It is in a measure distressing that, while I grant with all my heart the claim of his "Muse's white sincerity," the taste in—I do not say of-some of his best poems should be such that I will not present them.

Out of twenty-three Holy Sonnets, every one of which, I should almost say, possesses something remarkable, I choose three. Rhymed after the true Petrarchian fashion, their rhythm is often as bad as it can be to be called rhythm at all. Yet these are very fine.

Thou hast made me, and shall thy work decay?
Repair me now, for now mine end doth haste;
I run to death, and death meets me as fast,
And all my pleasures are like yesterday.
I dare not move my dim eyes any way,
Despair behind, and death before doth cast
Such terror; and my feeble flesh doth waste
By sin in it, which it towards hell doth weigh.
Only thou art above, and when towards thee

By thy leave I can look, I rise again;
But our old subtle foe so tempteth me,

That not one hour myself I can sustain :
Thy grace may wing me to prevent his art, i
And thou like adamant draw mine iron heart.

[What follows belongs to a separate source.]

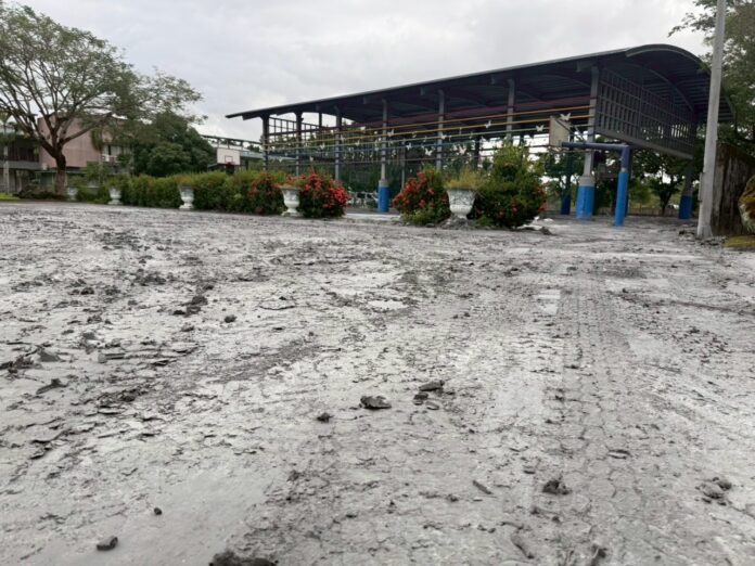 受到風災、洪災影響,泥水經萬榮國中南側圍牆縫隙流進校園,造成活動中心右側區域至校門口間地坪泥沙嚴重淤積,影響校園動線及安全。縣府教育處立即啟動緊急應變措施,除第一時間確認學校師生安全外,並時刻關注災情現況。

If faithful souls be alike glorified

As angels, then my father's soul doth see,
And adds this even to full felicity,

That valiantly I hell's wide mouth o'erstride :
But if our minds to these souls be descried

By circumstances and by signs that be
Apparent in us-not immediately1—

How shall my mind's white truth by them be tried?
They see idolatrous lovers weep and mourn,
And, style blasphemous, conjurors to call
On Jesu's name, and pharisaical

Dissemblers feign devotion. Then turn,
O pensive soul, to God; for he knows best
Thy grief, for he put it into my breast.

Death, be not proud, though some have called thee
Mighty and dreadful, for thou art not so ;

For those whom thou think'st thou dost overthrow,
Die not, poor Death; nor yet canst thou kill me.
From rest and sleep, which but thy picture be,

Much pleasure, then from thee much more must flow;
And soonest our best men with thee do go,

Rest of their bones, and soul's delivery!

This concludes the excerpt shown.